### Aim of the task
Pictures in the records are to be omitted; everything else is copied exactly.

### Input data
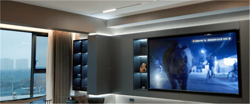 電視背景墻一體化設計,通過顏色穿插彰顯個性化;電視機嵌入柜體中,與裝飾隔層相協(xié)調,藏露結合;電視柜立體設計,墻內側嵌入燈光,以氛圍感突顯層次感。
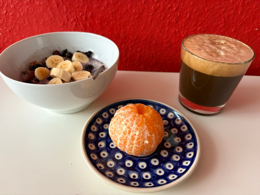 Heute weckt mich der Wecker, keine Katze. Auch mal schön. Der Wecker klingelt, weil ich am Vormittag einen Termin habe und trotzdem meinen morgendlichen Reboot in aller Ruhe und ohne Stress absolvieren möchte und das klappt auch sehr schön. Irgendwann ist dann Zeit fürs Frühstück und das besteht heute aus Blaubeer-Cassis-Müsli, Hafermilch, der letzten kanarischen Banane, einer Mandarine und einem Espresso Tonic (aufgrund der winterlichen Stimmung ohne Eis).
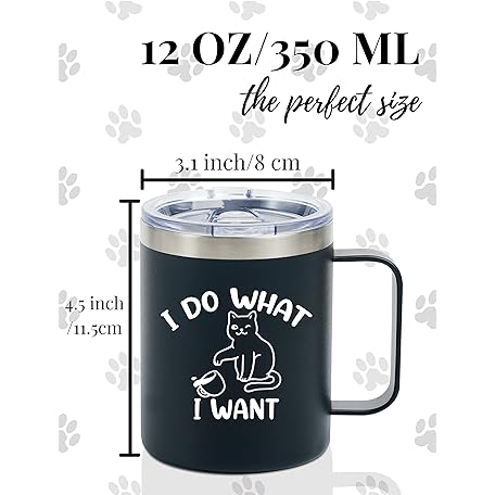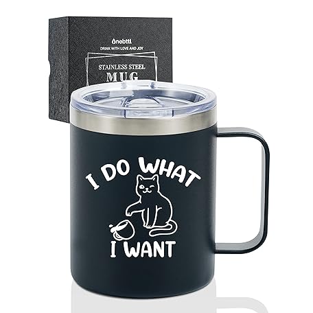 Thông tin sản phẩm Onebttl Cat Mug, Funny Gifts for Cat Lovers, Insulated Stainless Steel Coffee Mug with Lid and Handle, For Dad, Mom on Birthday, Christmas, 12 oz, Black, I do what I want
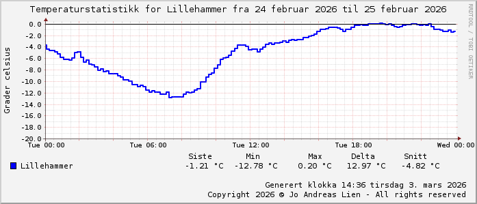 MinTemp -12.8°C (07:25) MaxTemp 0.2°C (19:45) MiddelTemperatur -6.3°C GjennomsnittsTemp -4.8°C (143 avlesninger) Målt på Lillehammer av joli Navnedag: Mats, Mattias, Mattis Stjernetegnet er Fiskene ![]() Kinesisk år er
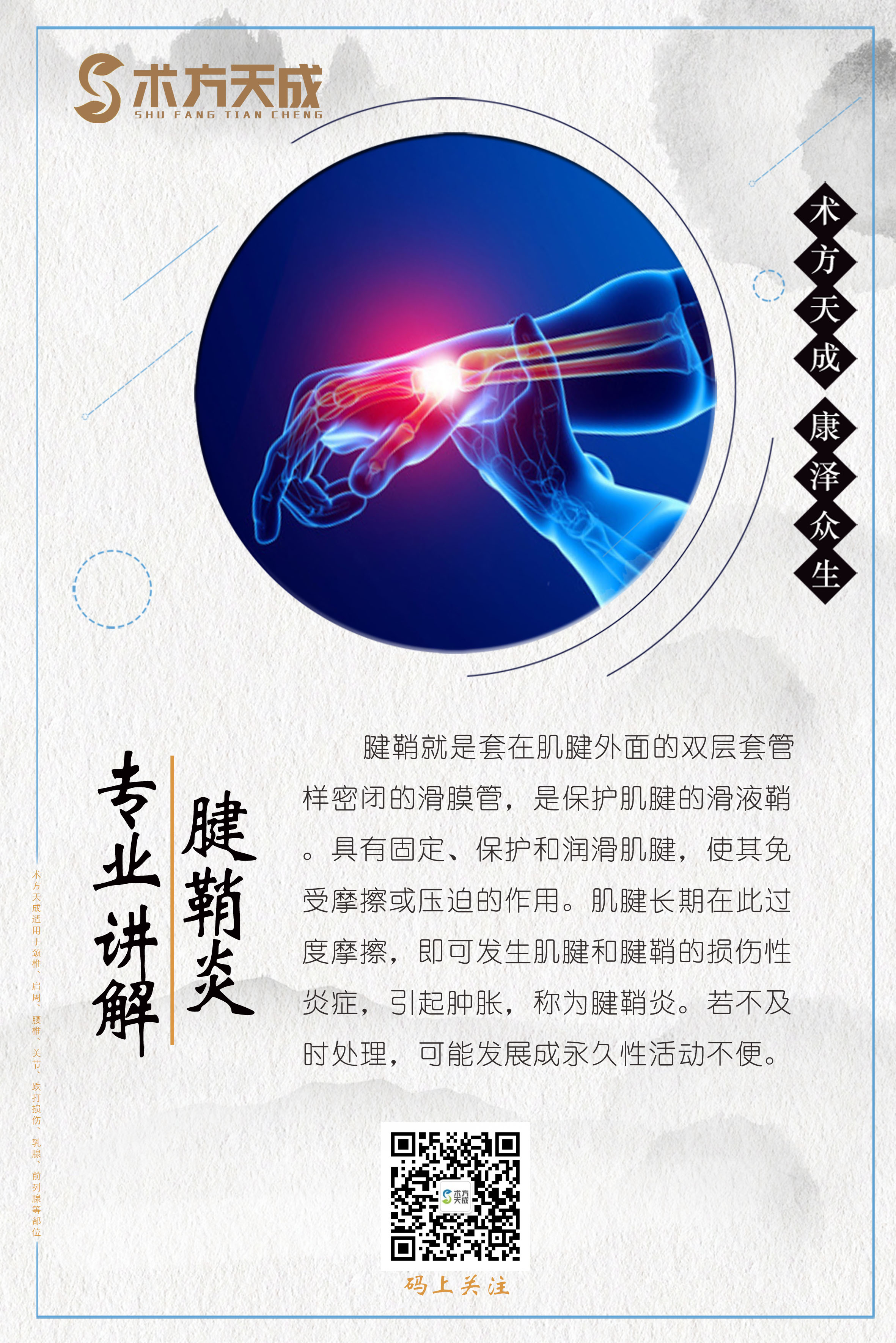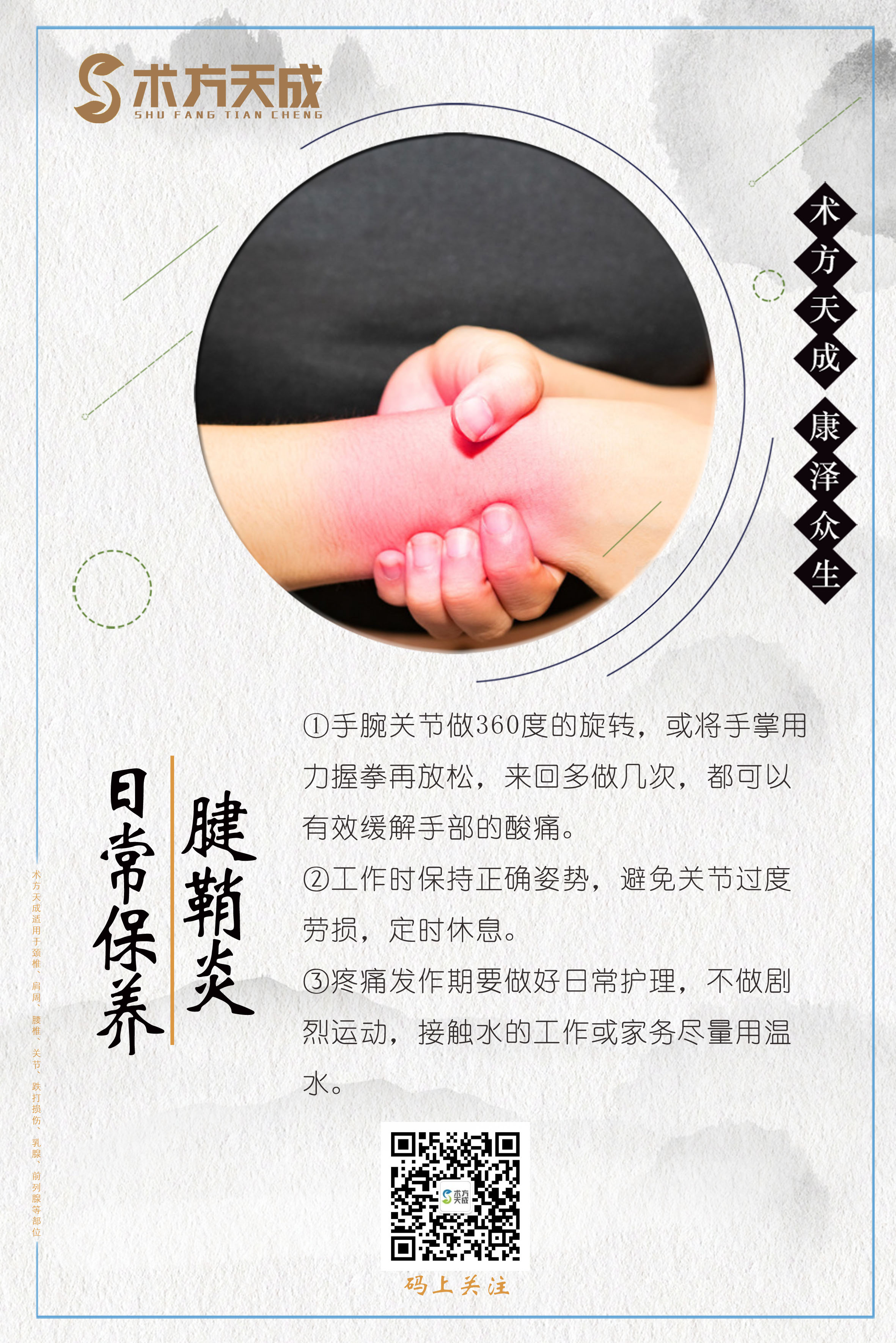术方天成 康泽众生 为您分享腱鞘炎日常保养

### Exercise answer
 電視背景墻一體化設計,通過顏色穿插彰顯個性化;電視機嵌入柜體中,與裝飾隔層相協(xié)調,藏露結合;電視柜立體設計,墻內側嵌入燈光,以氛圍感突顯層次感。
 Heute weckt mich der Wecker, keine Katze. Auch mal schön. Der Wecker klingelt, weil ich am Vormittag einen Termin habe und trotzdem meinen morgendlichen Reboot in aller Ruhe und ohne Stress absolvieren möchte und das klappt auch sehr schön. Irgendwann ist dann Zeit fürs Frühstück und das besteht heute aus Blaubeer-Cassis-Müsli, Hafermilch, der letzten kanarischen Banane, einer Mandarine und einem Espresso Tonic (aufgrund der winterlichen Stimmung ohne Eis).
 Thông tin sản phẩm Onebttl Cat Mug, Funny Gifts for Cat Lovers, Insulated Stainless Steel Coffee Mug with Lid and Handle, For Dad, Mom on Birthday, Christmas, 12 oz, Black, I do what I want
 MinTemp -12.8°C (07:25) MaxTemp 0.2°C (19:45) MiddelTemperatur -6.3°C GjennomsnittsTemp -4.8°C (143 avlesninger) Målt på Lillehammer av joli Navnedag: Mats, Mattias, Mattis Stjernetegnet er Fiskene ![]() Kinesisk år er
术方天成 康泽众生 为您分享腱鞘炎日常保养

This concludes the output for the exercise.